Icono del sitio TribuTV

Vacunas: una obligación ética, jurídica y económica frente a los negacionistas de cotillón

La discusión sobre las vacunas volvió a ocupar el centro del debate público. No por nuevos descubrimientos científicos, sino por la reaparición de viejas supersticiones recicladas en formato de “opinión”. El resultado es grave: enfermedades controladas durante décadas regresan por la caída de las coberturas vacunales. Eso no es un fenómeno místico: es una consecuencia directa de la desinformación y del activismo antivacunas, más estético que racional, que crece entre tutoriales conspirativos y consignas de cotillón.

Las cifras son elocuentes. Según organismos internacionales, las vacunas evitan entre 3 y 5 millones de muertes anuales. Además, representan uno de los instrumentos de salud pública más rentables: cada dólar invertido en inmunización puede ahorrar hasta 20 en gastos hospitalarios, días laborales perdidos y tratamientos de alto costo. Para un país con un sistema de salud tensionado, vacunar no es sólo proteger vidas, sino preservar la sostenibilidad del Estado.
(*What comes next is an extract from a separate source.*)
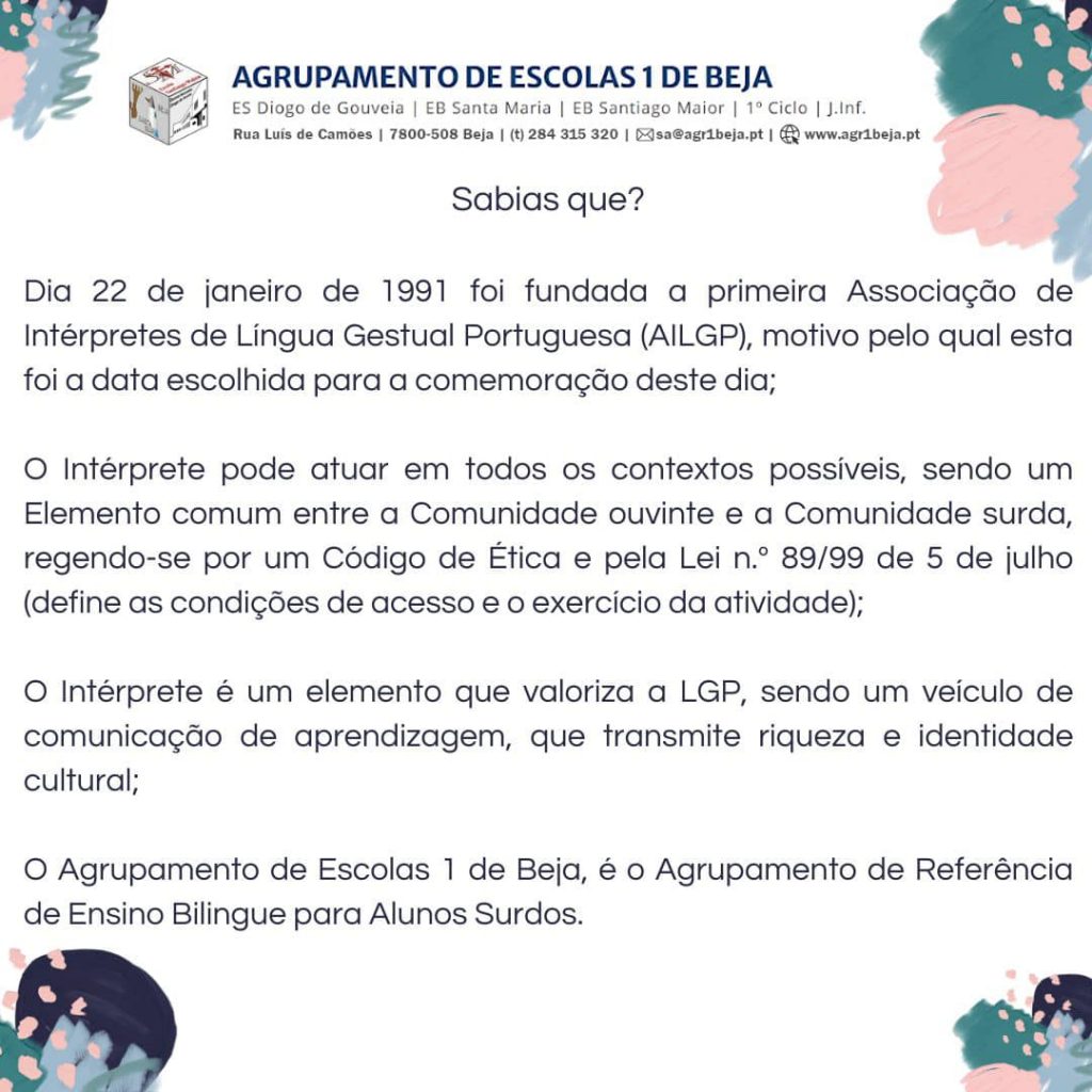 Como Agrupamento de Referência de Ensino Bilingue para Alunos Surdos, desejamos a todos os Intérpretes um dia feliz e agradecemos o seu trabalho, principalmente aos nossos Profissionais

Desde la perspectiva jurídica, no hay ambigüedad: la Constitución, los tratados internacionales de jerarquía constitucional y la jurisprudencia coinciden en que el Estado tiene la obligación de prevenir enfermedades transmisibles. La libertad individual jamás fue concebida como licencia para dañar a terceros; y el interés colectivo en la salud pública tiene primacía cuando una conducta privada genera riesgo social. No se trata de “autoritarismo sanitario”, sino del ABC del derecho público.

Políticamente, la vacunación es un acto redistributivo. Protege especialmente a niños, adultos mayores y personas inmunocomprometidas, que dependen de la inmunidad de grupo para sobrevivir. Cuando los antivacunas erosionan esa barrera colectiva, no sólo exponen vidas: encarecen el sistema, deterioran la educación (por brotes escolares), afectan la productividad y, en palabras simples, le pasan la factura a toda la sociedad.

Frente a esto, la agenda estatal no puede titubear: campañas masivas de información, vacunatorios accesibles, obligatoriedad del Calendario Nacional de Vacunación y sanciones cuando corresponda. La salud pública no se debate en foros conspirativos ni se delega en influencers sin formación; se garantiza con políticas basadas en evidencia.

La conclusión es clara: el derecho de los niños a estar sanos es superior a la comodidad adulta de “dudar por las redes”. La responsabilidad parental y la obligatoriedad del calendario no son imposiciones: son los pilares que sostienen una sociedad que quiere vivir, crecer y trabajar sin epidemias del pasado. La vida no se defiende con eslóganes de cotillón; se defiende vacunando.